Beijing will face challenges in regaining the confidence of business leaders, investors, and consumers in part because of Xi’s emphasis on ideology and apparent indifference toward China’s economic difficulties.  Xi, whether intentionally or coincidentally, appears to be undercutting Premier Li Qiang’s efforts to assure private businesses and foreign and domestic investors that the government is pro-business and pro-market.   

  • On 15 August, state media released the text of an internal speech Xi made in February on “Chinese-style modernization.”  Xi reiterated the importance of “common prosperity” and “spiritual civilization” to counter what he sees as Western capitalism’s overemphasis on individualism and materialism. 
  • Both concepts are anathema to private businesspeople, investors, and white-collar professionals in general.  “Common prosperity” has been associated with the crackdown on wealthy individuals and the private sector.  The term “spiritual civilization” is code for opposition to Western, liberal political and economic ideas.  Since December 2022, leadership statements on the economy have avoided these two terms as Beijing was trying to reassure private businesses that the regulatory crackdown against them was over.  The August article serves as a reminder that Xi will not allow any relaxation in the Party’s adherence to Marxist-Leninist orthodoxy even as Beijing tries to attract private investment.
  • Xi has been conspicuously absent from public view amid mounting economic problems, even though he has centralized economic decision-making in his own hands.  China experienced serious floods in August, but Xi did not visit any of the affected areas, in a departure from his predecessors.  Xi was not seen on state television from 1 August to 20 August, which was unusual though not unprecedented.[1] 

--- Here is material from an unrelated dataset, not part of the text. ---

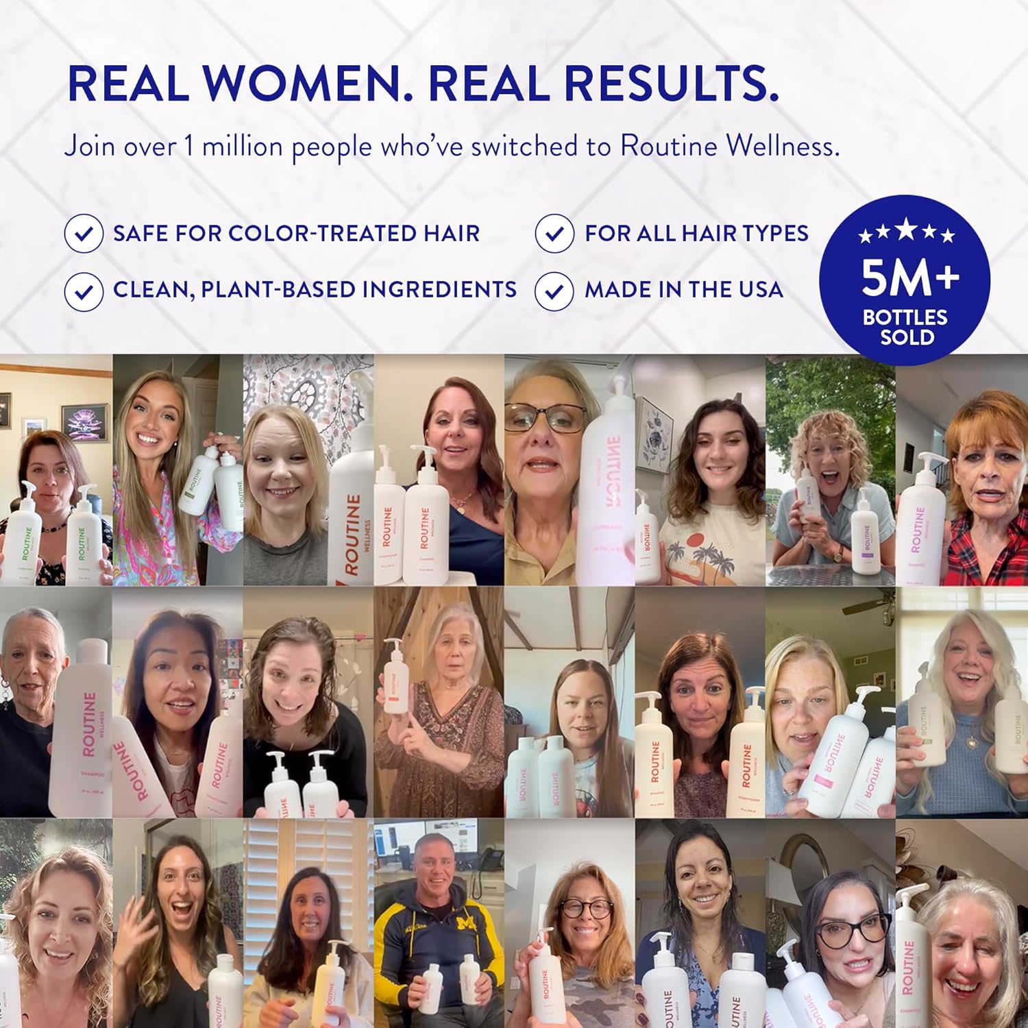 VOLUMIZING SHAMPOO FOR THINNING HAIR – Looking for a solution for thinning hair or hair loss? Our Routine Wellness Shampoo & Conditioner for women are clinically shown to strengthen hair and reduce hair thinning caused by breakage. Powered by biotin, saw palmetto, nettle, niacinamide, caffeine, pea peptides, black seed oil, and more, they help support healthier, fuller-looking hair from root to tip.

  • Xi also appeared to be out of touch as youth unemployment hit a record high of 21.3 percent in June.  State media in July cited Xi’s comment that the youth should “proactively embrace hardships” just as he did as a young man during the Cultural Revolution.  Anecdotal information from Western press and Chinese social media suggests that many recent college graduates are opting out of the full-time job market as a form of quiet resistance.  In 2022, the number of marriages was the lowest since records began in 1986 due to economic uncertainties, and the decline in marriages is correlated with China’s falling birthrate because it is unusual for unmarried couples to have children in China.
     

[1] Observers have speculated that Xi may have refrained from domestic inspection tours out of security concerns.  As we wrote in the last China Watch, signals in authoritative PRC media suggest that the dismissals of senior military commanders were driven by Xi’s perception of political disloyalty.  Xi travelled to South Africa on 21 August to attend the BRICS summit, but he skipped a scheduled speech on 22 August without any explanation.  Xi could have cancelled the  appearance due to last-minute security concerns, as he is known for stringent security protocols when he travels domestically and internationally.